Secara keseluruhan, meskipun telah ada upaya untuk mengatur penggunaan AI melalui pedoman etis dan pendekatan berbasis risiko, Indonesia masih memerlukan regulasi yang lebih spesifik dan mengikat secara hukum untuk memastikan pemanfaatan AI, termasuk AI agentif, berjalan secara aman, etis, dan sesuai dengan nilai-nilai yang dijunjung tinggi oleh masyarakat.
Negara yang telah Memiliki Undang-undang Khusus
Beberapa negara telah mengadopsi undang-undang khusus untuk mengatur penggunaan kecerdasan buatan (AI). Berikut adalah beberapa di antaranya:
Uni Eropa: Pada Maret 2024, Parlemen Eropa mengesahkan “Artificial Intelligence Act”, sebuah regulasi komprehensif yang bertujuan melindungi hak-hak dasar, demokrasi, dan supremasi hukum dari risiko yang ditimbulkan oleh AI. Regulasi ini menetapkan kewajiban bagi sistem AI berdasarkan tingkat risikonya dan melarang aplikasi AI tertentu yang dianggap mengancam hak warga negara.
China: Mulai 15 Agustus 2023, China memberlakukan serangkaian langkah sementara yang mewajibkan penyedia layanan AI untuk menyerahkan penilaian keamanan dan memperoleh izin sebelum merilis produk AI ke pasar.

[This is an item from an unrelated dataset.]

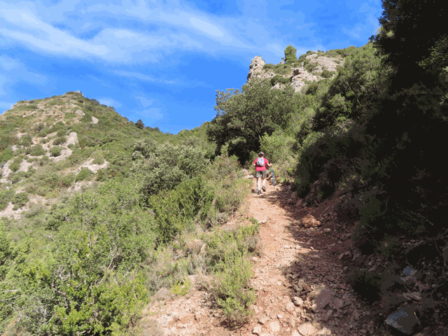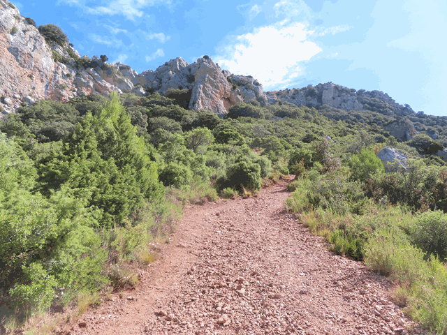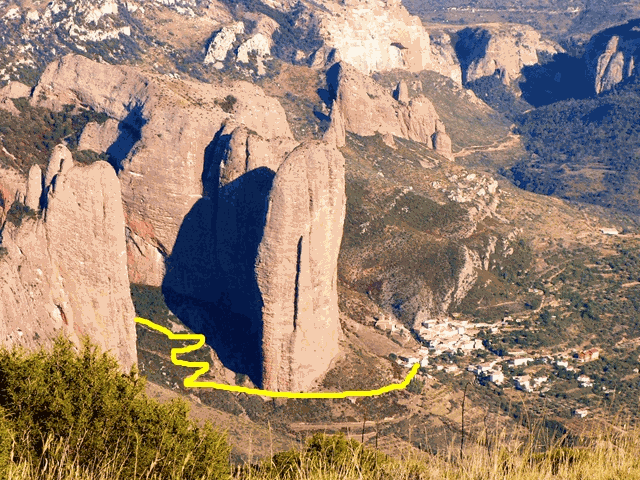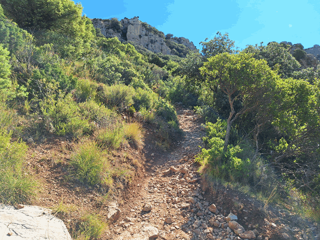 La senda asciende rápidamente desde la base de los mallos entre una frondosa vegetación de matorrales, encinas y bojes, por un terreno de abundante piedra suelta, por eso es mejor subirlo que bajarlo, por lo penoso que puede resultar el descenso.

Langkah ini bertujuan memastikan bahwa pengembangan dan penggunaan AI di China sesuai dengan standar keamanan dan etika yang ditetapkan pemerintah.
Selain itu, negara-negara lain seperti Amerika Serikat dan Inggris sedang dalam proses merumuskan regulasi terkait AI, meskipun belum ada undang-undang khusus yang disahkan hingga saat ini. Langkah-langkah ini mencerminkan upaya global untuk mengatur pengembangan dan implementasi AI secara bertanggung jawab, guna meminimalkan risiko dan memaksimalkan manfaat teknologi tersebut bagi masyarakat.
Setiap teknologi membawa risiko dan manfaatnya sendiri. Para pemimpin bisnis yang terlalu cepat mengadopsi AI agentif tanpa kesiapan yang memadai dapat menghadapi lebih banyak tantangan daripada solusi. Oleh karena itu, penting bagi organisasi untuk mendekati AI dengan strategi yang terukur, memastikan bahwa keandalan dan kepercayaan tetap menjadi prioritas utama dalam implementasi teknologi ini.